Chad Thats the way to go,extra money to buy more meat Nice Score. I don't do facebook
Richie


----------



## Bearcarver

thebig1 said:


> SCORE!  I had to run south tonight so I typed Chef's Choice Slicer into the Facebook Marketplace. A result came up for Harrisburg, which I was driving right through, for a once used 615 with an extra smooth blade. I paid $100 and told him about the forum.
> 
> Thanks everyone.
> 
> Chad




Congrats on that Score!!!:)

Bear


----------



## thebig1

I'm just ecstatic! I want to slicelebrate everything in the house. I know that we have lemons, oranges, apples, and smoked cheese. That's just off of the top of my head right now.


----------



## Bearcarver

thebig1 said:


> I'm just ecstatic!
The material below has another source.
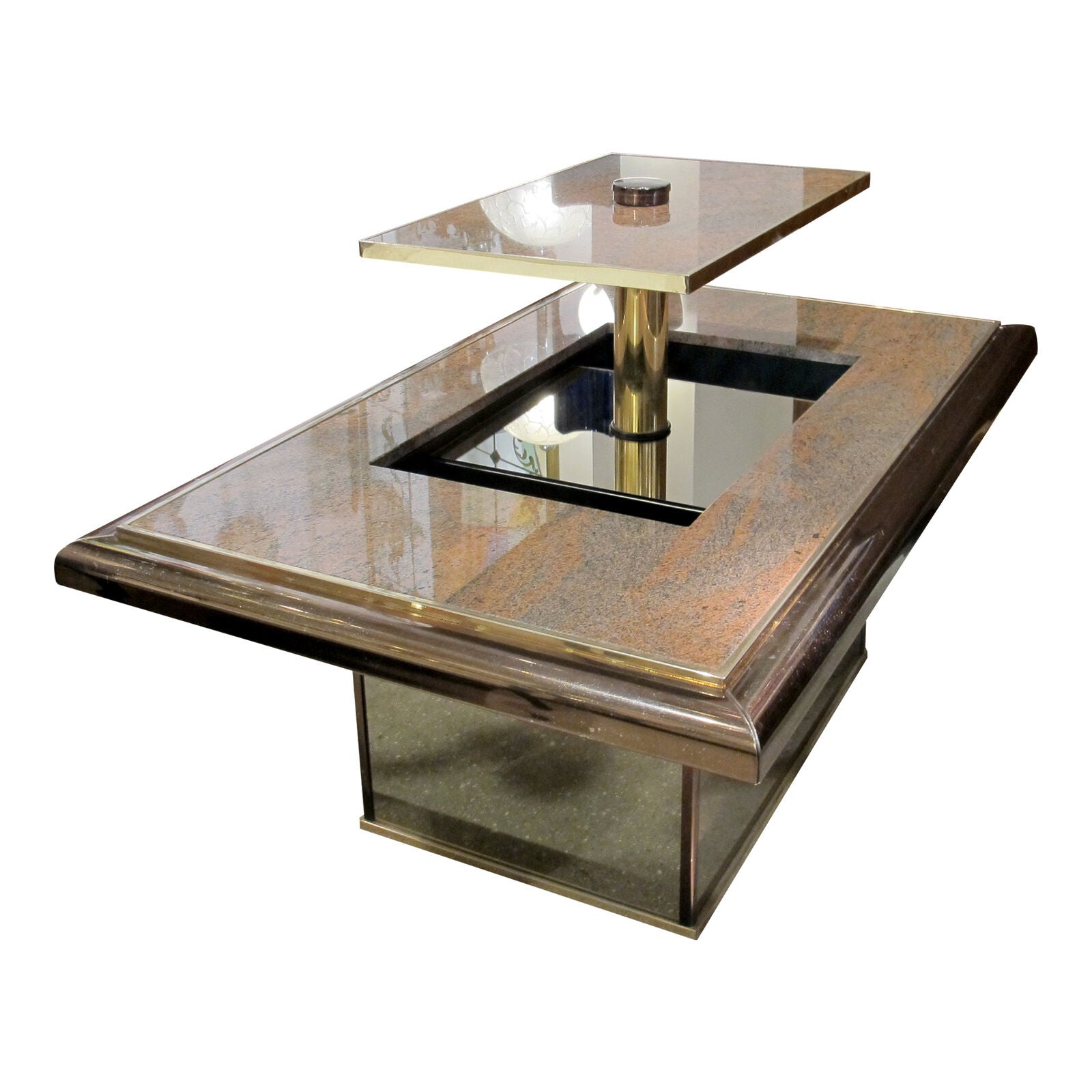 A Belgian table-bar coffee table by Fedam from the 1980s, made of granite, brass, and smoked mirror. The table features a central bar compartment with a mechanised lift that moves up and down with a soft-close mechanism. The combination of materials gives it a solid, refined look typical of the period. A practical and well-designed piece with an integrated bar surface that disappears neatly when not in use. The frame of the table shows some signs of wear, but it does not distract from the overall look of the table.

I want to slicelebrate everything in the house. I know that we have lemons, oranges, apples, and smoked cheese. That's just off of the top of my head right now.




Just keep "Fingers" off that list !!!

Bear


----------



## thebig1

bearcarver said:


> Just keep "Fingers" off that list !!!
> 
> Bear



LOL Bear, I'll certainly try to remember that. I'm sure that's a mistake that someone only makes once.

I put a pair of the cutting gloves in my Amazon cart just to help.


----------